_What the task requires:_
Return each line below exactly as it reads, and omit any image in it.

_The data:_
--------------------------------

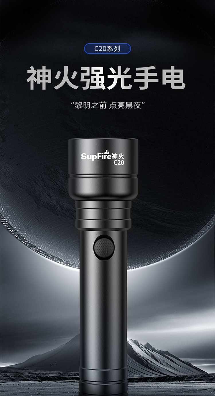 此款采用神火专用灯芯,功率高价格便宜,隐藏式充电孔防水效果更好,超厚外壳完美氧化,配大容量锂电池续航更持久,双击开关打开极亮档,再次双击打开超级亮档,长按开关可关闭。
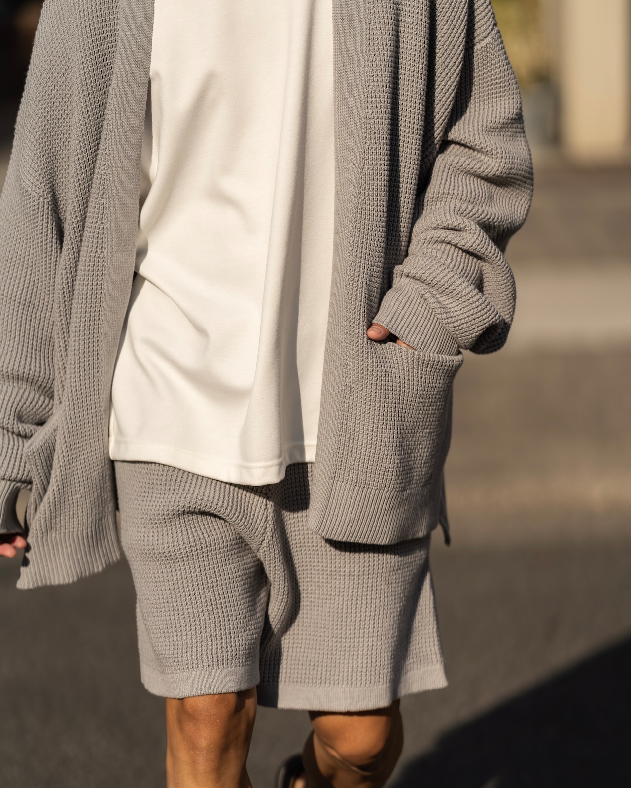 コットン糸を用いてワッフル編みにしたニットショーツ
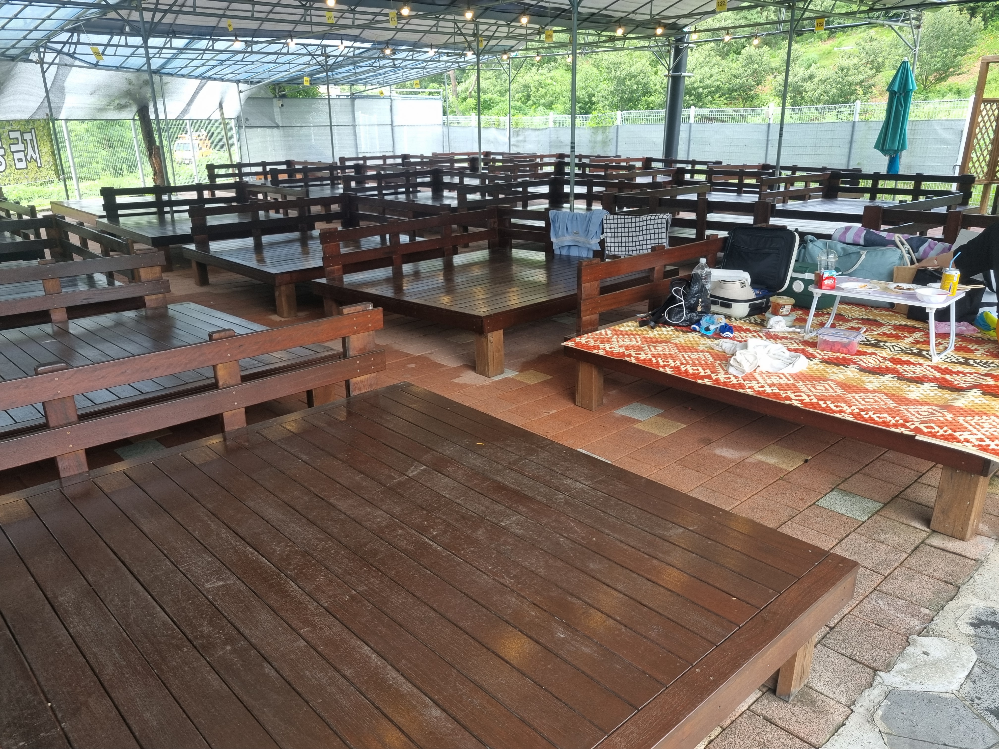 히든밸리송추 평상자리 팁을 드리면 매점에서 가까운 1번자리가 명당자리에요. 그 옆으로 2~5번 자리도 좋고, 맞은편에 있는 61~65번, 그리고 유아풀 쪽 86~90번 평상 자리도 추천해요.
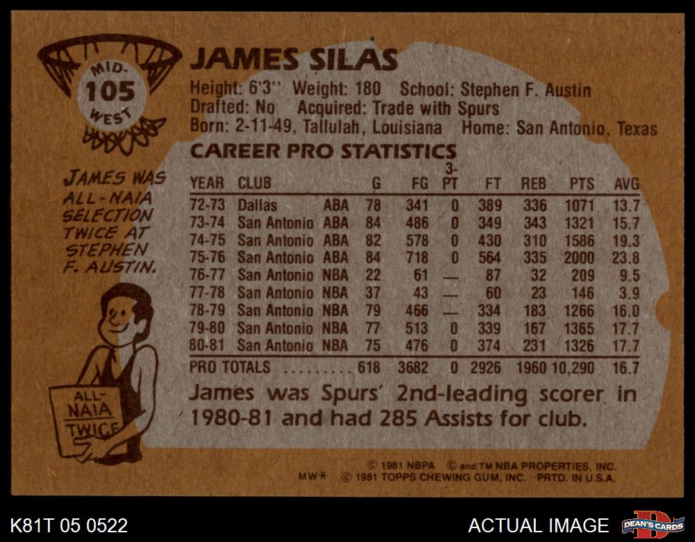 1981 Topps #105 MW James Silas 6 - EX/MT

--------------------------------

_Completed exercise:_
 此款采用神火专用灯芯,功率高价格便宜,隐藏式充电孔防水效果更好,超厚外壳完美氧化,配大容量锂电池续航更持久,双击开关打开极亮档,再次双击打开超级亮档,长按开关可关闭。
 コットン糸を用いてワッフル編みにしたニットショーツ
 히든밸리송추 평상자리 팁을 드리면 매점에서 가까운 1번자리가 명당자리에요. 그 옆으로 2~5번 자리도 좋고, 맞은편에 있는 61~65번, 그리고 유아풀 쪽 86~90번 평상 자리도 추천해요.
 1981 Topps #105 MW James Silas 6 - EX/MT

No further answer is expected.